Comparing Non-GAAP Earnings and ASC 280’s Segment Earnings (SSRN), with Michael Durney and Zac Wiebe
We compare non-GAAP earnings and segment earnings determined by ASC 280’s Management Approach, both of which afford managers flexibility in defining performance. This comparison is relevant because (1) standard setters are considering expanding the use of internally viewed information in external reporting, and (2) segment earnings’ flexibility makes it more suitable than GAAP net income for assessing the usefulness of non-GAAP earnings. Using a sample of firms’ non-GAAP earnings and segment earnings from 2003-2018, we examine the items included in and excluded from these measures and assess whether, and why, they are differentially useful for investors. Both earnings measures are more decision-useful than GAAP net income; however, non-GAAP earnings is more useful than segment earnings. Additional analyses, including an experiment, indicate that the internal purpose of the Management Approach yields earnings measures focused on controllability, rather than persistence, which impairs the usefulness of segment earnings for investors.

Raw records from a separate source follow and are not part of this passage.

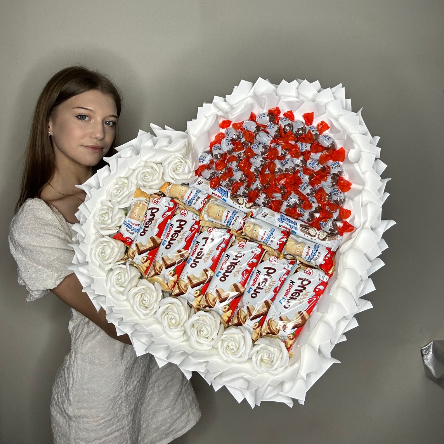 Wnętrze kompozycji wypełniają batoniki Bueno, Kinder Biskvit, Kinder Schoko-Bons i Kinder Trony, tworząc harmonijną i pyszną mieszankę czekoladowych smaków.
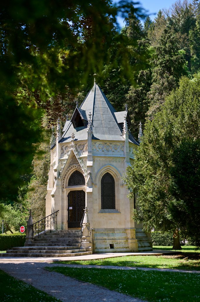 The Hočevar Mausoleum is a distinguished cultural monument built in the Neo-Gothic style and completed in 1890. Noted for its richly articulated architectural elements and exceptional craftsmanship, it reflects a remarkable level of care in the design of both its exterior and interior details. Serving as the final resting place of the Hočevar couple – prominent benefactors and patrons of the town of Krško – the mausoleum stands as a lasting symbol of their legacy. It is gracefully set within the town park, in the southwestern part of the former municipal cemetery.
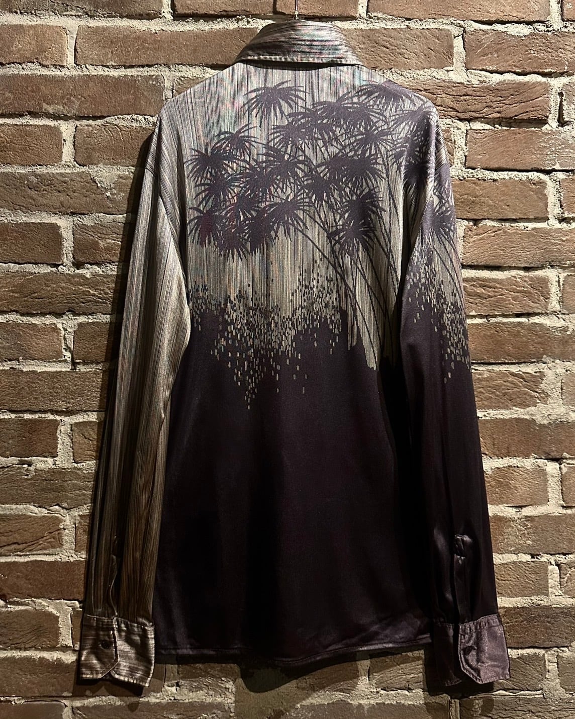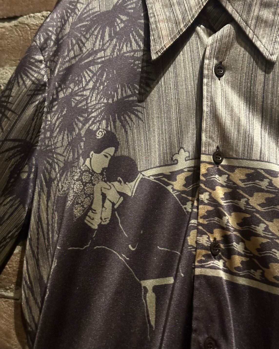 ツルッと滑らかなボディに、和やレトロな雰囲気を漂わせるデザインを落とし込んだ70'sヴィンテージの長袖シャツ。
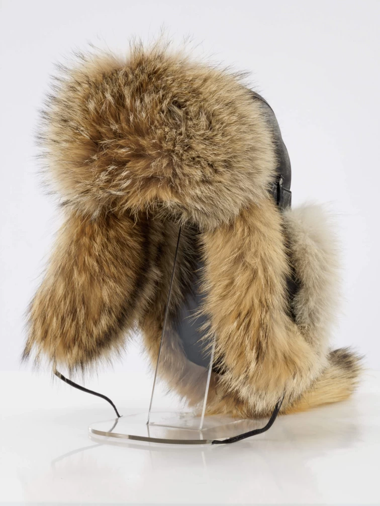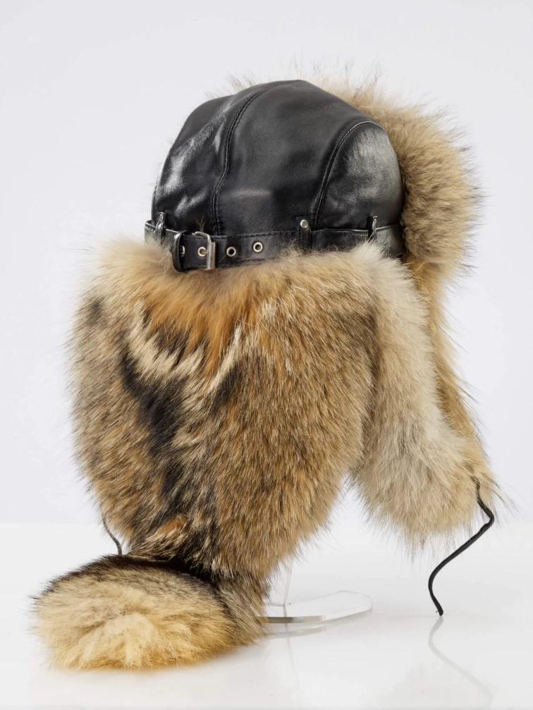 Комбинированная шапка Малахай ПК001КВ изготовлена из натуральной итальянской кожи и меха койота. Меховое изделие не формованное, имеет мягкую основу. Меховые «уши» опускаются. Задняя часть шеи закрыта длинным меховым хвостом, изнутри усиленным натуральной кожей. Объем шапки регулируется изнутри фиксатором-лентой, а снаружи кожаным ремешком.
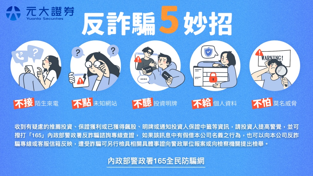 備受台灣股民推薦的「投資先生APP」,為投資人打造了更安全、更值得信任的行動交易環境,並以此榮獲2026財訊財富管理大獎「金融服務創新獎」肯定。展望未來,元大證券也將利用AI與大數據技術,從「識別真偽」升級為「主動攔截」,即時阻斷可疑交易模式,實踐守護投資人資產的安全承諾。
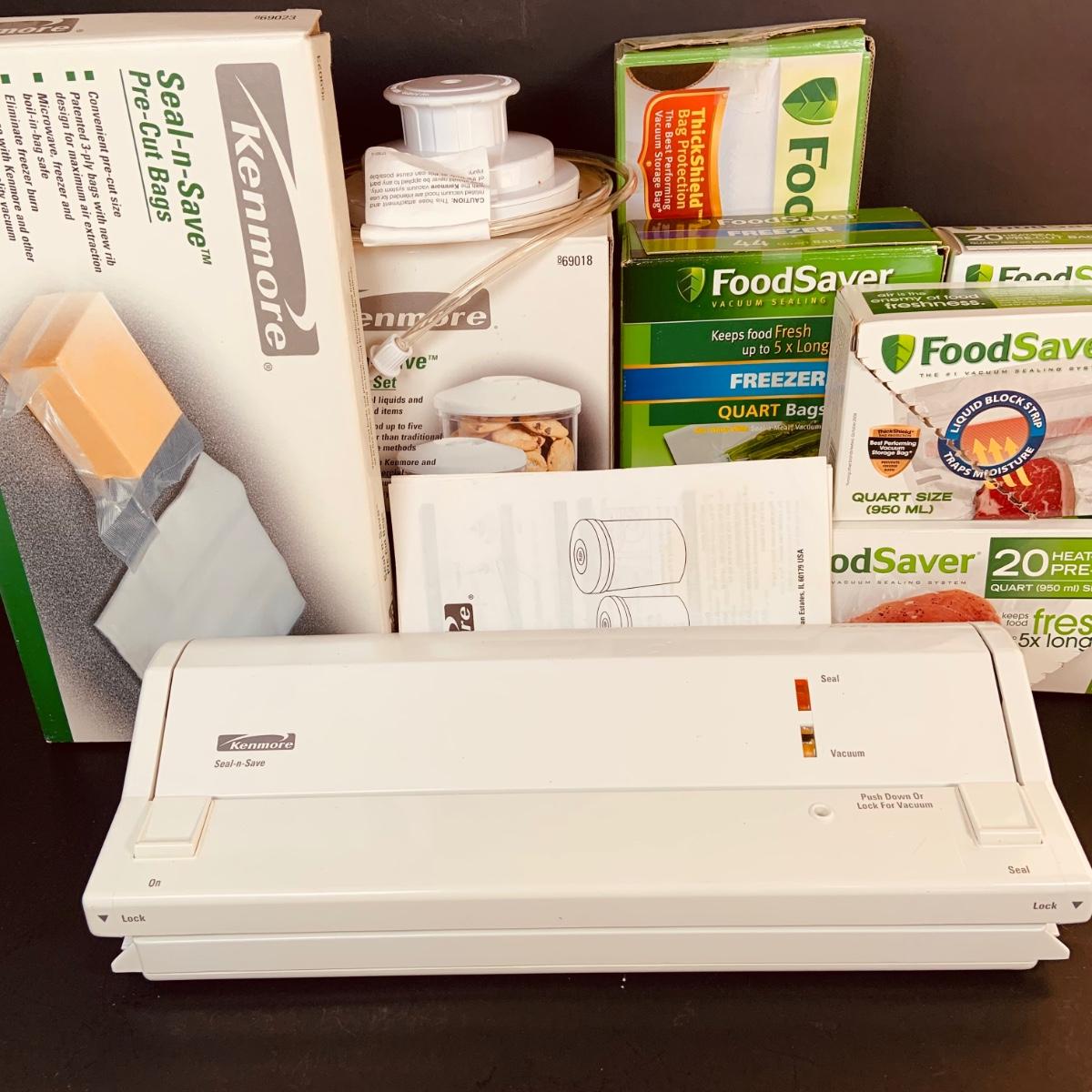 LOT:87: Kenmore Seal and Save Sealer, Canisters and Bags of Various Sizes and Brands
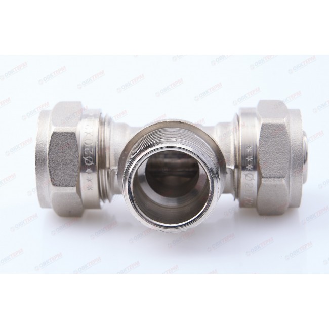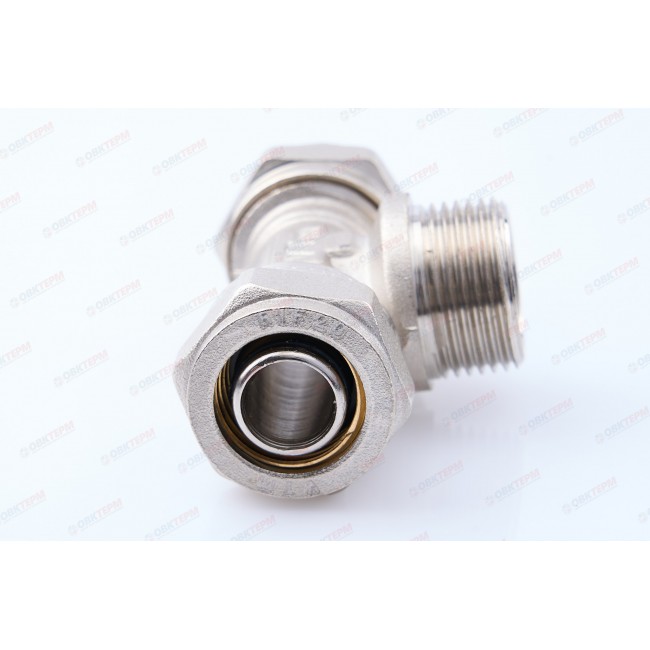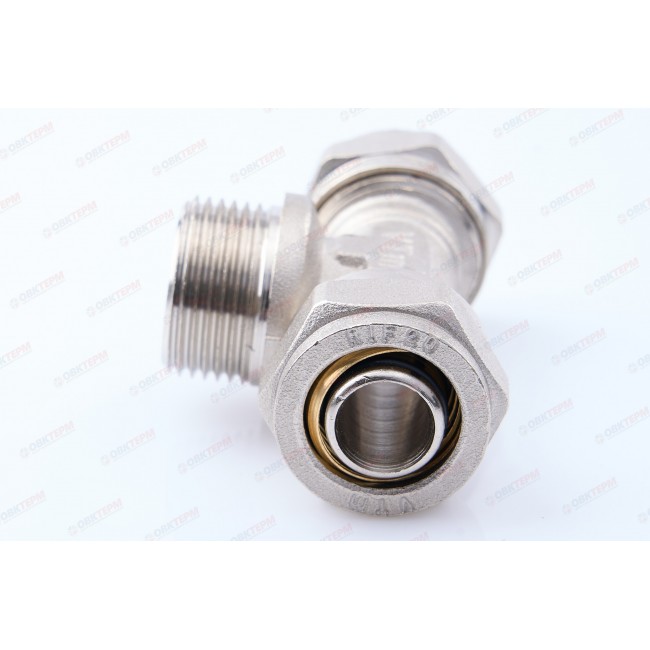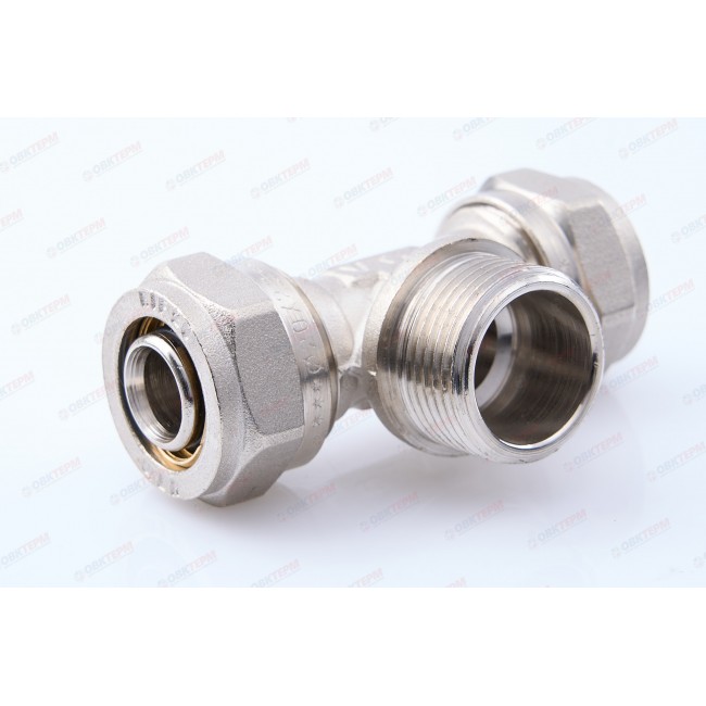 Фитинг обжимной – тройник с переходом на наружную резьбу для присоединения металлополимерных (металлопластиковых) трубопроводов. Резьба фитинга – наружная трубная по ГОСТу 6357.
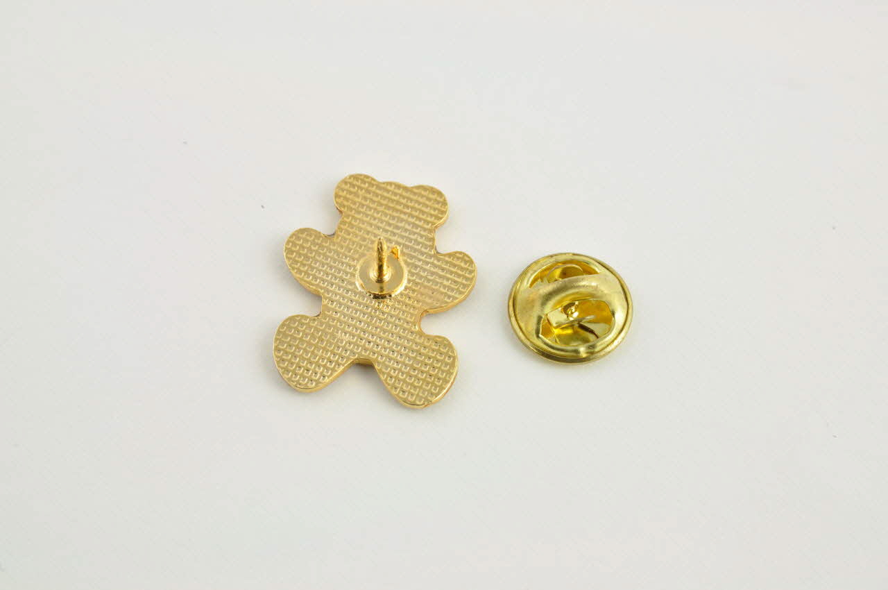 Métal moulé émaillé. / Petit pin's en métal doré ayant la forme d'un ours brun clair, au nez et pattes brun plus foncé. Sur son flanc gauche est dessiné un grand ruban rouge.Décor
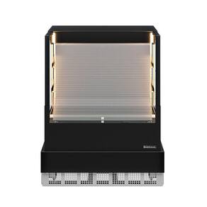 Conservação e exposição de bolos, tortas, doces e confeitos ou bebidas, frios e laticínios Temperatura: Bolos: +5°C a +10°C / Bebidas: +3° a +8°C Refrigeração: Ar Forçado Iluminação: LED perimetral com interruptor Laterais em vidro duplo Low-E (baixo emissivos), com serigrafia Tampo em vidro temperado com serigrafia Prateleiras reguláveis em vidro temperado: 2 níveis Cortina noturna Base acoplada em aço pré-pintado preto, com passagem de ar em aço revestido aço inox 304 escovado Pés niveladores e rodízios giratórios Vidros sujeitos a condensação da umidade do ar Equipamento necessita de instalação hidráulica para escoamento da água proveniente do degelO
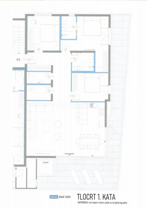 ▪ hodnik, toalet, ostava, dvije kupaone, kuhinja, blagovaona i dnevni boravak, tri spavaće sobe i dva balkona ukupne površine 144,30 m2.
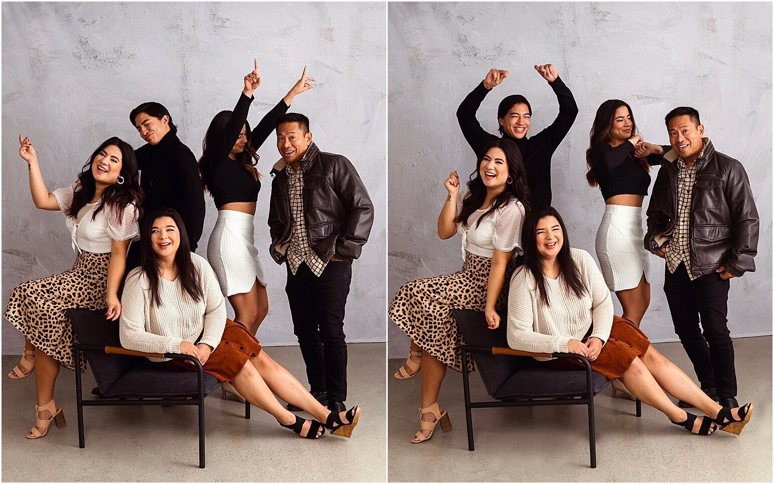 From coordinating every person’s unique wardrobe, to dancing it out on set, to oohing and ahhing at the memories we look back on when all is said and done, my family adores Holiday Family Portraits because it is the perfect activity for us to do while our youngest siblings are home for winter break. We’re already planning for next year…
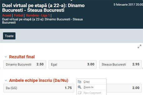 Concret, pentru etapa 22, Steaua are cota 2,50 la victoria cu Dinamo din Duelul Etapei, „câinii” au 2,95 pentru o victorie, iar egalul 3,00.
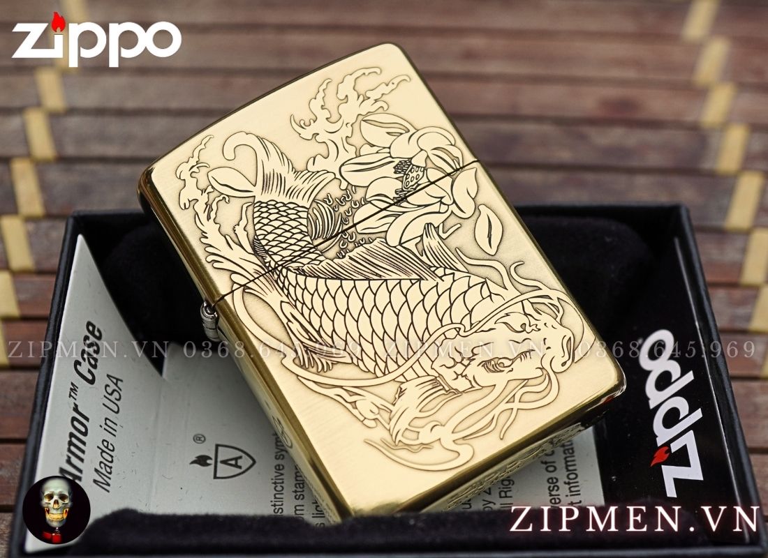 Trên thị trường có rất nhiều mẫu zippo đẹp, trong đó không thể không kể tới chiếc bật lửa Zippo cao cấp USA armor Cá chép bông sen.
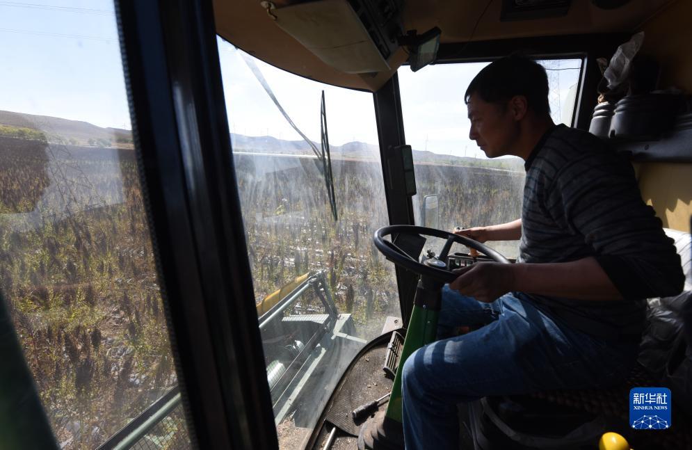 10月1日,在沽源縣白土窯鄉小西溝村,當地農機手王永成在操作收割機收獲藜麥。
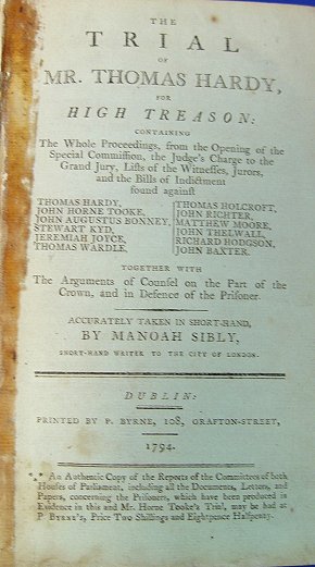 1794 ''TRIAL OF THOMAS HARDY FOR HIGH TREASON'': By Joseph Gurney, Printed by P.Byrne, Dublin, copyright 1794
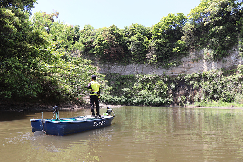まるでボートで大きく移動しているかの様な速さでエレクトリックモーターで流してサーチする。短時間で広範囲をカバーできるので、バスを見つける確率の向上とインプットされる情報量が多い。
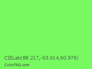CIELab 88.217,-63.614,60.979 Color is a light green color and the nearest color is Screamin Green #66ff66. Hex code #77f960 and RGB value is rgb(119,249,96). In RGB color space, this color is composed of 47% red, 98% green, 38% blue, In CMYK color space, this color is composed of 52% cyan, 0% magenta, 61% yellow , 2% black , In HSL color space, this color has a hue angle of 111° , 93% saturation and 68% lightness.
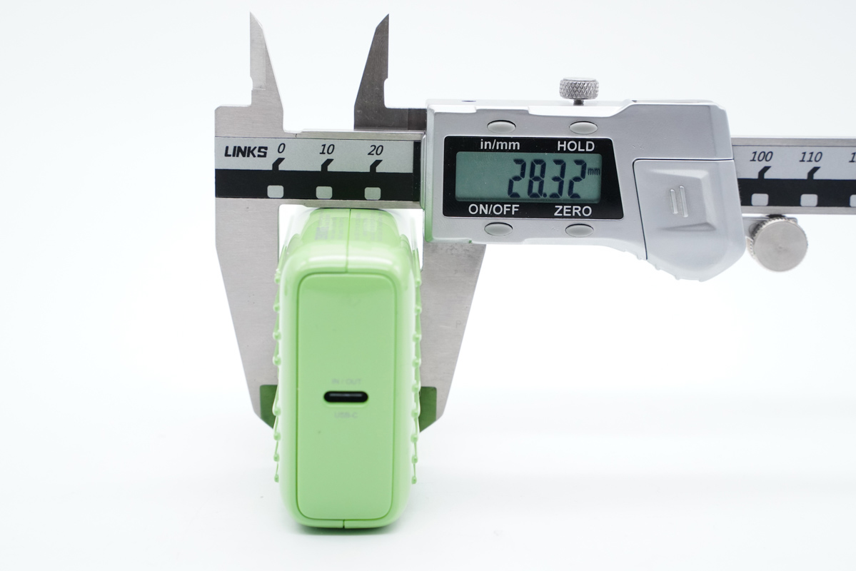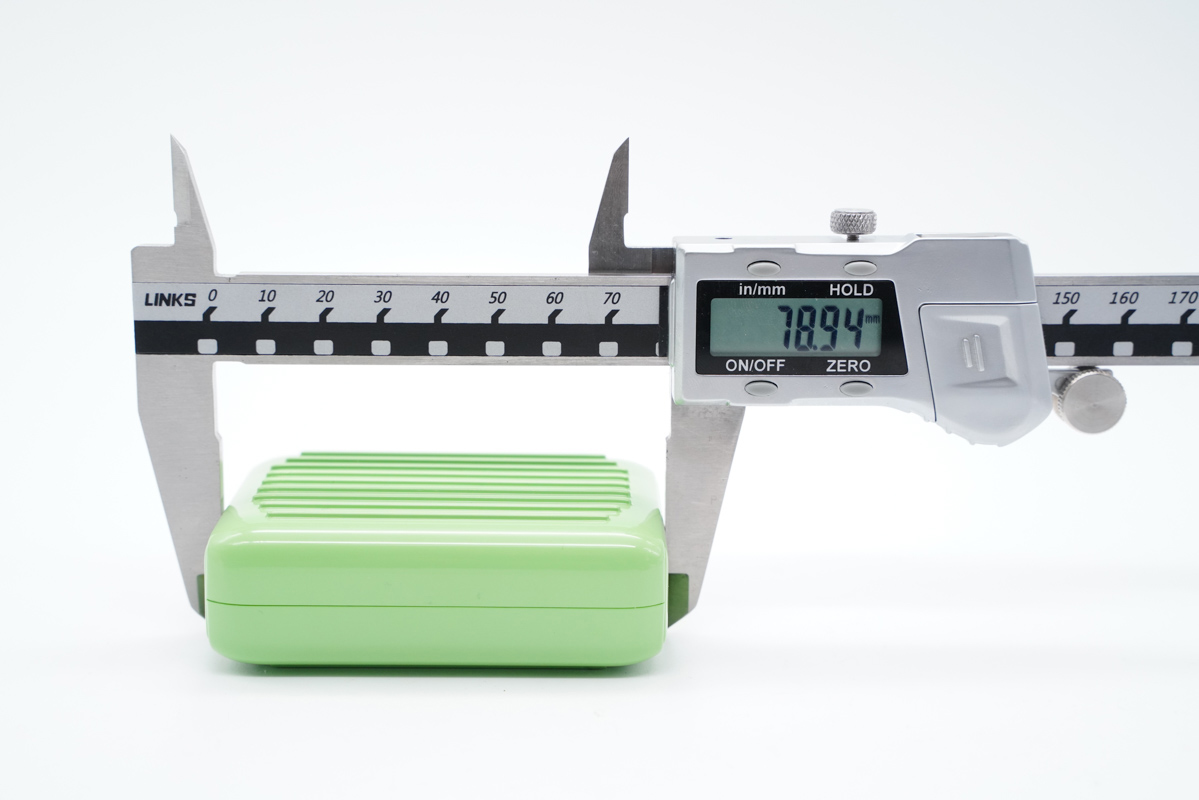 使用卡尺測量 Zendure 征拓 Supermini Lightning 充電寶長度約78.94MM。

Non-GAAP EPS Denominator Choices (available upon request), with Tom Linsmeier and Clay Partridge
Firms frequently report non-GAAP earnings on a per share basis, which conveys information about both the earnings available to common shareholders (numerator) and the number of potential claims on those earnings (denominator). While prior research examines adjustments to the numerator of non-GAAP EPS, we provide the first evidence on non-GAAP EPS denominator choices. For a sample of firms with dilutive instruments, we find the majority of denominator adjustments occurs in firms that convert a GAAP loss into a non-GAAP profit. Most such loss-converting firms increase the denominator (and reduce non-GAAP EPS) to mimic GAAP and reflect the number of shares that would be reported in EPS under a GAAP profit. These denominator adjustments improve the measurement of the number of future claimants and the explanatory power of the price of common equity, which suggests that the adjustments provide improvements over GAAP. We also provide evidence consistent with opportunistic reporting by loss-converting firms that fail to make a denominator adjustment and therefore maximize non-GAAP EPS. This evidence may be of interest to regulators and standard setters as they consider guidance relating to non-GAAP and EPS reporting, respectively.